------ Given information

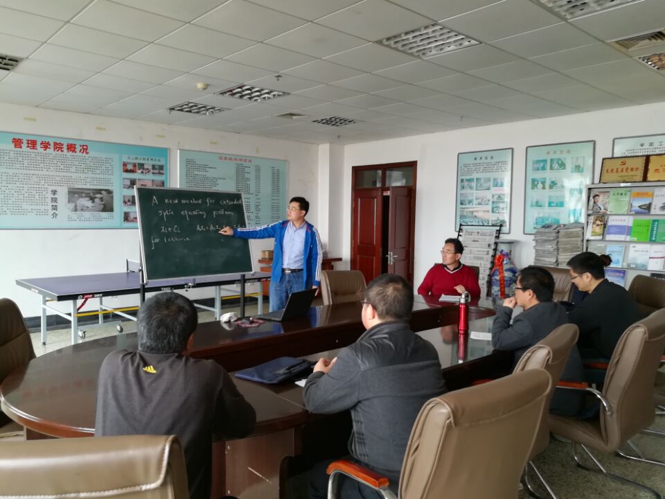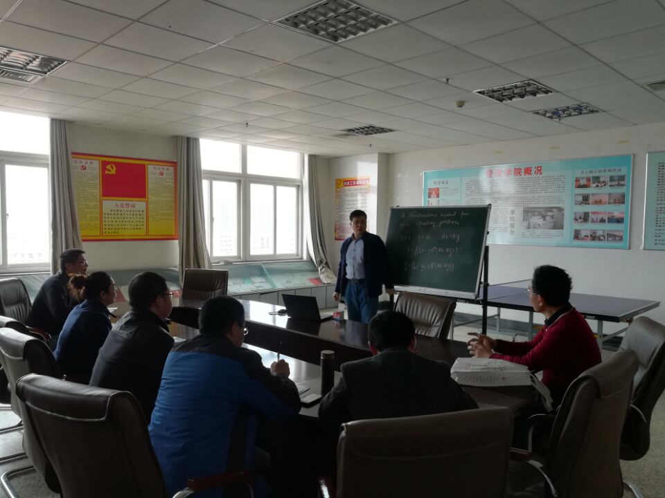 车海涛副教授从博弈论和偏微分方程的区域分解方法两个方面引入裂等式问题和裂等式不动点问题,详细介绍了该问题的两种并行的优化算法以及收敛性分析。该报告内容丰富,深入浅出,简洁清晰,讲解生动,使大家理解了当前裂等式问题的发展动态,提升了师生的学术境界,让大家受益匪浅。报告会后,参会师生还就学术研究方向等共同关心的问题与车海涛副教授开展了热烈的讨论和交流。
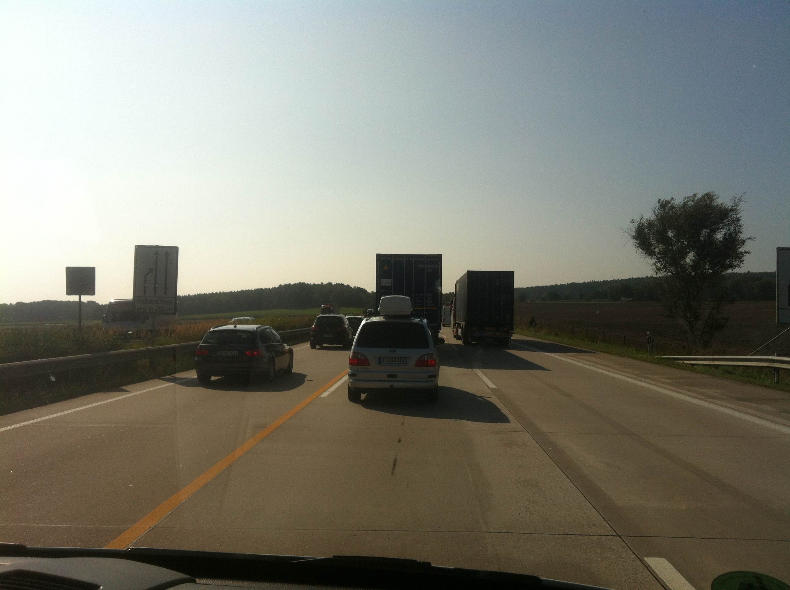 Heute morgen machten sich zwei Kollegen mit der Ladung auf den Weg, 774 Kilometer von Hamburg-Hammerbrook ins feine München (ich stoße morgen dazu). Nach zwei Stunden schickten sie mir die ersten Fotos. Aus dem Stau.
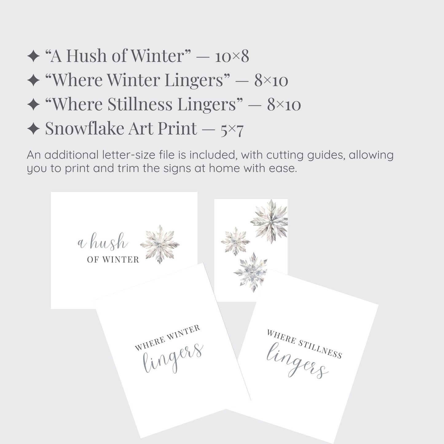 This collection pairs lovely typography with soft winter imagery, creating a calm, reflective atmosphere that carries your home from Christmas into the long, beautiful hush of winter.
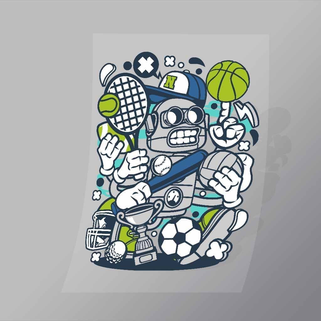 A great Sports Robot DTF (Direct to Film) Transfer available in multiple sizes. (Beased on width at artwork aspect ratio)
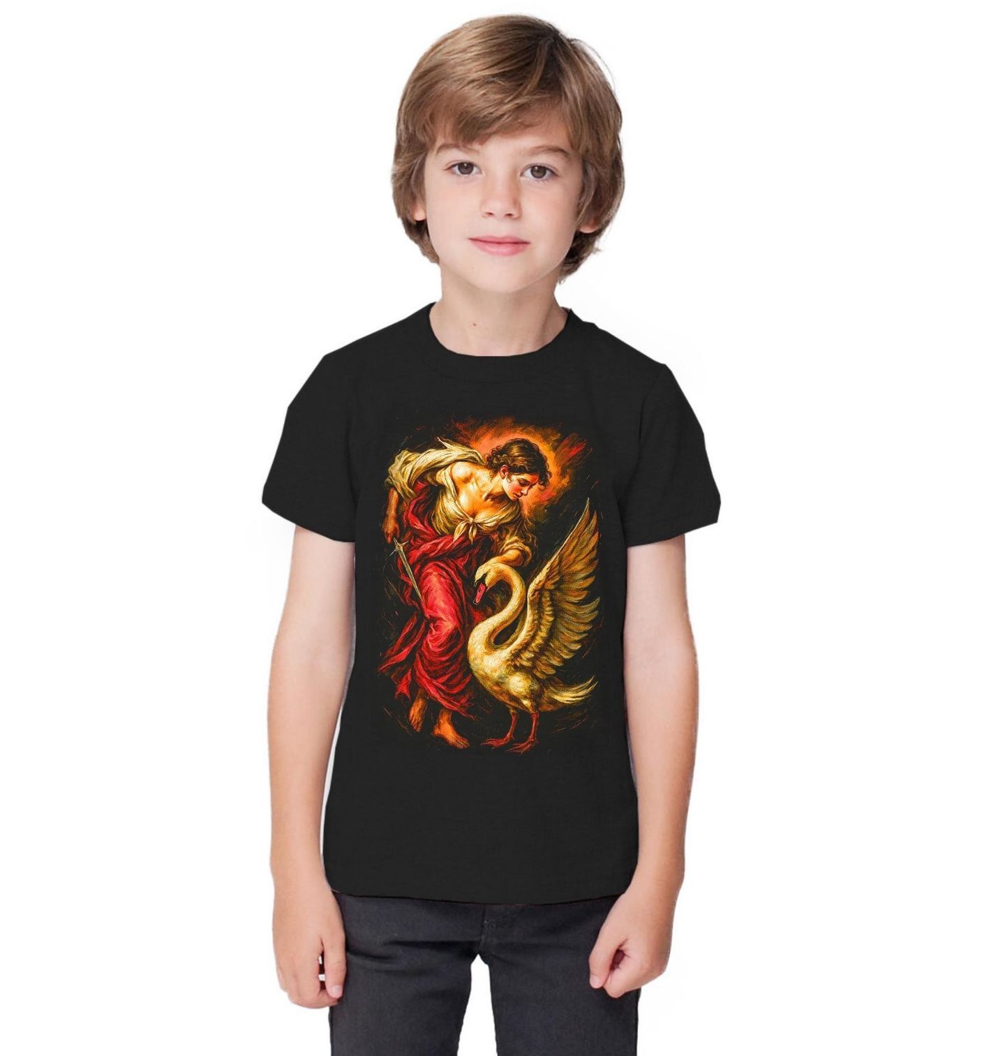 Dětské tričko Léda a Labuť. Tento výrazný motiv zachycuje dramatickou scénu z příběhu, který proslavila řecká mytologie – setkání krásné Léda s labutí, za jejíž podobou se skrýval samotný Zeus. Symbolika labutě zde představuje božskou moc, osud i proměnlivost bohů, kteří často zasahovali do lidských životů. Jsou často zobrazováni v intimní scéně proto, že samotný mýtus o Lédě a labuti je příběhem o svádění a spojení Dia (v podobě labutě) s Lédou.
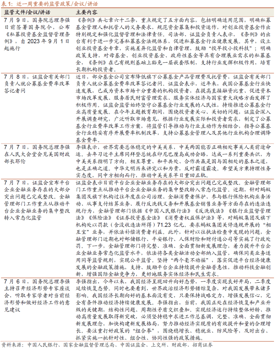 A股面临的外部流动性环境开始逐渐改善。考虑到下半年美国核心通胀基数明显抬升,在成本下行和就业削弱的背景下,美国核心通胀也有望明显回落。7月26日美联储大概率再加一次息之后结束加息的概率加大。美债收益率当前4%左右进一步上行概率已然较低,美元指数开始重新走弱,人民币兑美元汇率也开始企稳回升,有望吸引外资净流入支撑A股震荡上行。
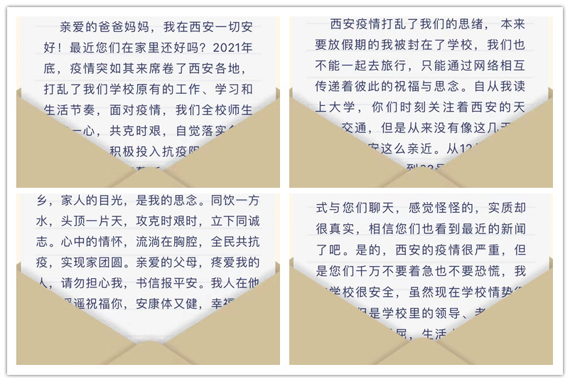 本次通过征集家书,我们看到了青年的担当、学子的思念、抗疫的决心。高乘专业武徐帆同学在信中写到:“‘请党放心,抗疫有我’,在此次疫情中,我时刻牢记自己作为预备党员的身份,处处工作冲在前,与同学们守望相助、并肩抗疫,筑牢疫情‘防火墙’,坚决阻断疫情向学校蔓延,为同学树立了模范带头作用,同时也没用辜负您们对我的期望。”从中,我们看到了青年的责任和担当,抗疫的坚定决心。
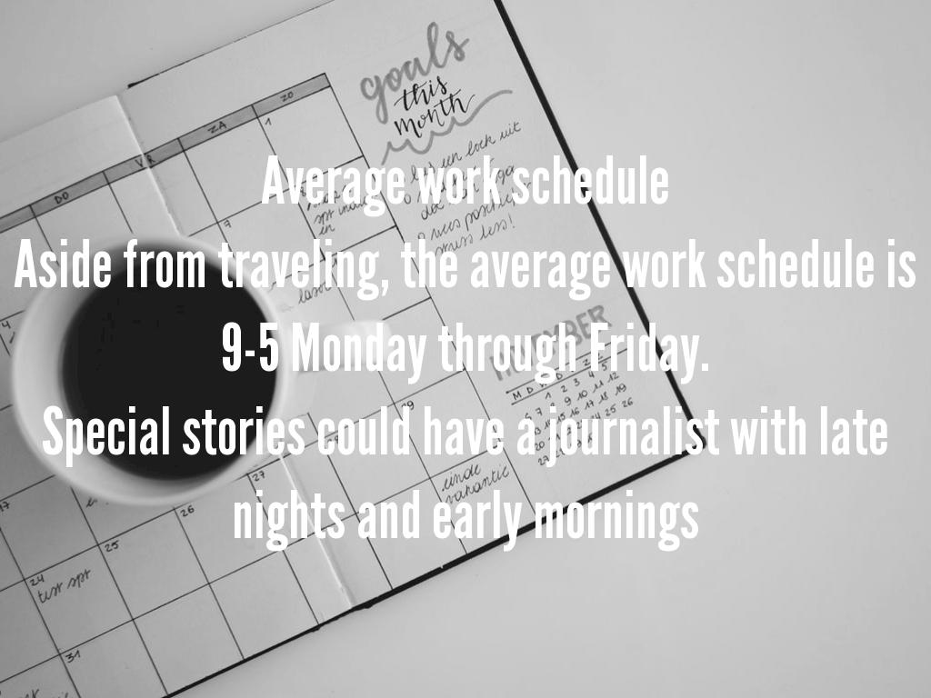 Aside from traveling, the average work schedule is 9-5 Monday through Friday.
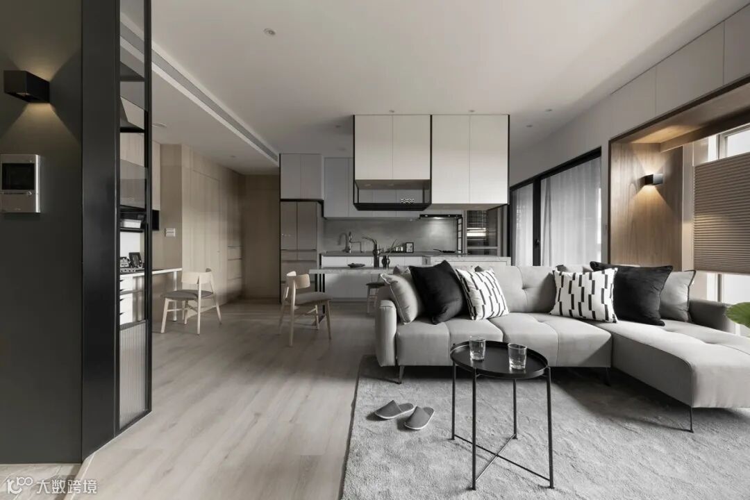 ▲厨房开放布局做LDK,沙发背后用吧台+餐桌隔断,甚至是把吧台当餐桌使用都可以。
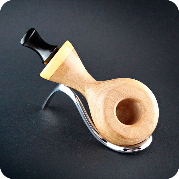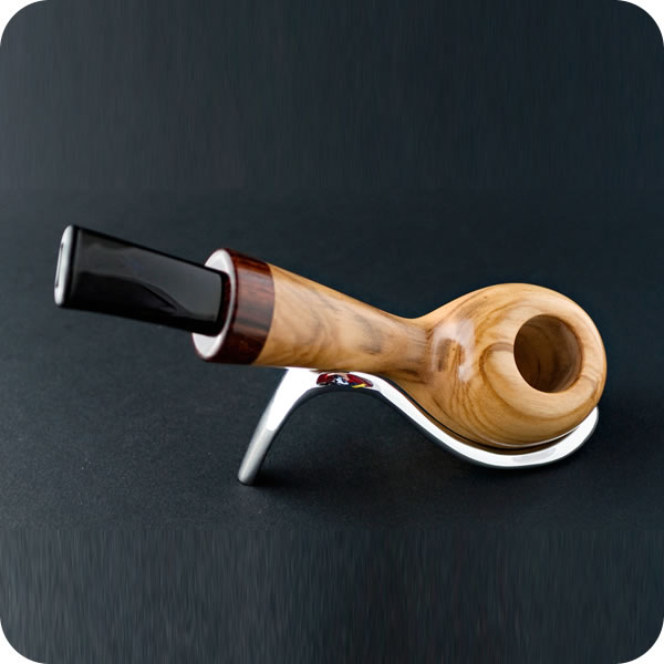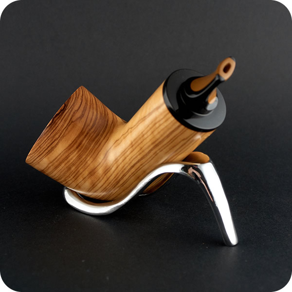 Smooth finished reverse calabash system pipe in olivewood. Stem made in two different colored ebonites.
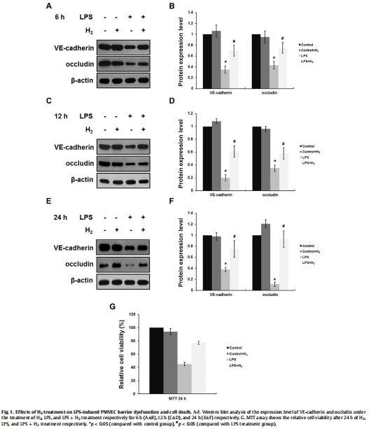 1.驗證 H?對LPS誘導的PMVEC屏障破壞(連接蛋白下調)的保護作用。
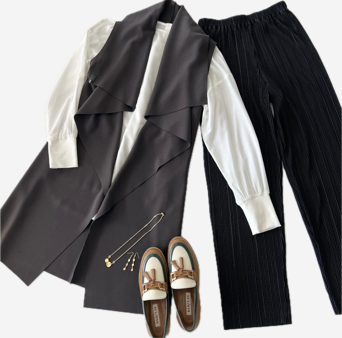 ・プリーツなので かなりストレッチ性がありはき心地楽チンなのに きれいめな印象のパンツです。
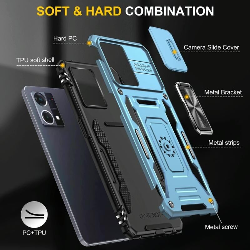 Για OPPO Reno7 4G Armor PC + TPU κάμερα ασπίδα τηλέφωνο υπόθεση (γαλάζιο)
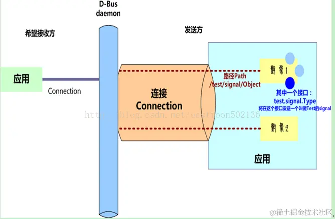 监听method和监听signal的方式非常相似。在给出例子之前,我希望和上次学习一样给出一个示意图,更好地了解D-Bus的各个概念。
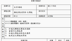 教學目標: 1.知道光轉換成電能的過程 2.會操作太陽能車 3.知道太陽能的特色和應用 4.能說出太陽能的限制
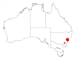 It is endemic to parts of New South Wales between Bilpin in the south and Mount Kindarun in the north on sandstone ridges growing in thin sandy soils as a part of dry sclerophyll forest communities.[1]

------------

What is being asked> Every entry must be transcribed exactly. Pictures do not belong in the copy.

Completed exercise>
 车海涛副教授从博弈论和偏微分方程的区域分解方法两个方面引入裂等式问题和裂等式不动点问题,详细介绍了该问题的两种并行的优化算法以及收敛性分析。该报告内容丰富,深入浅出,简洁清晰,讲解生动,使大家理解了当前裂等式问题的发展动态,提升了师生的学术境界,让大家受益匪浅。报告会后,参会师生还就学术研究方向等共同关心的问题与车海涛副教授开展了热烈的讨论和交流。
 Heute morgen machten sich zwei Kollegen mit der Ladung auf den Weg, 774 Kilometer von Hamburg-Hammerbrook ins feine München (ich stoße morgen dazu). Nach zwei Stunden schickten sie mir die ersten Fotos. Aus dem Stau.
 This collection pairs lovely typography with soft winter imagery, creating a calm, reflective atmosphere that carries your home from Christmas into the long, beautiful hush of winter.
 A great Sports Robot DTF (Direct to Film) Transfer available in multiple sizes. (Beased on width at artwork aspect ratio)
 Dětské tričko Léda a Labuť. Tento výrazný motiv zachycuje dramatickou scénu z příběhu, který proslavila řecká mytologie – setkání krásné Léda s labutí, za jejíž podobou se skrýval samotný Zeus. Symbolika labutě zde představuje božskou moc, osud i proměnlivost bohů, kteří často zasahovali do lidských životů. Jsou často zobrazováni v intimní scéně proto, že samotný mýtus o Lédě a labuti je příběhem o svádění a spojení Dia (v podobě labutě) s Lédou.
 A股面临的外部流动性环境开始逐渐改善。考虑到下半年美国核心通胀基数明显抬升,在成本下行和就业削弱的背景下,美国核心通胀也有望明显回落。7月26日美联储大概率再加一次息之后结束加息的概率加大。美债收益率当前4%左右进一步上行概率已然较低,美元指数开始重新走弱,人民币兑美元汇率也开始企稳回升,有望吸引外资净流入支撑A股震荡上行。
 本次通过征集家书,我们看到了青年的担当、学子的思念、抗疫的决心。高乘专业武徐帆同学在信中写到:“‘请党放心,抗疫有我’,在此次疫情中,我时刻牢记自己作为预备党员的身份,处处工作冲在前,与同学们守望相助、并肩抗疫,筑牢疫情‘防火墙’,坚决阻断疫情向学校蔓延,为同学树立了模范带头作用,同时也没用辜负您们对我的期望。”从中,我们看到了青年的责任和担当,抗疫的坚定决心。
 Aside from traveling, the average work schedule is 9-5 Monday through Friday.
 ▲厨房开放布局做LDK,沙发背后用吧台+餐桌隔断,甚至是把吧台当餐桌使用都可以。
 Smooth finished reverse calabash system pipe in olivewood. Stem made in two different colored ebonites.
 1.驗證 H?對LPS誘導的PMVEC屏障破壞(連接蛋白下調)的保護作用。
 ・プリーツなので かなりストレッチ性がありはき心地楽チンなのに きれいめな印象のパンツです。
 Για OPPO Reno7 4G Armor PC + TPU κάμερα ασπίδα τηλέφωνο υπόθεση (γαλάζιο)
 监听method和监听signal的方式非常相似。在给出例子之前,我希望和上次学习一样给出一个示意图,更好地了解D-Bus的各个概念。
 教學目標: 1.知道光轉換成電能的過程 2.會操作太陽能車 3.知道太陽能的特色和應用 4.能說出太陽能的限制
 It is endemic to parts of New South Wales between Bilpin in the south and Mount Kindarun in the north on sandstone ridges growing in thin sandy soils as a part of dry sclerophyll forest communities.[1]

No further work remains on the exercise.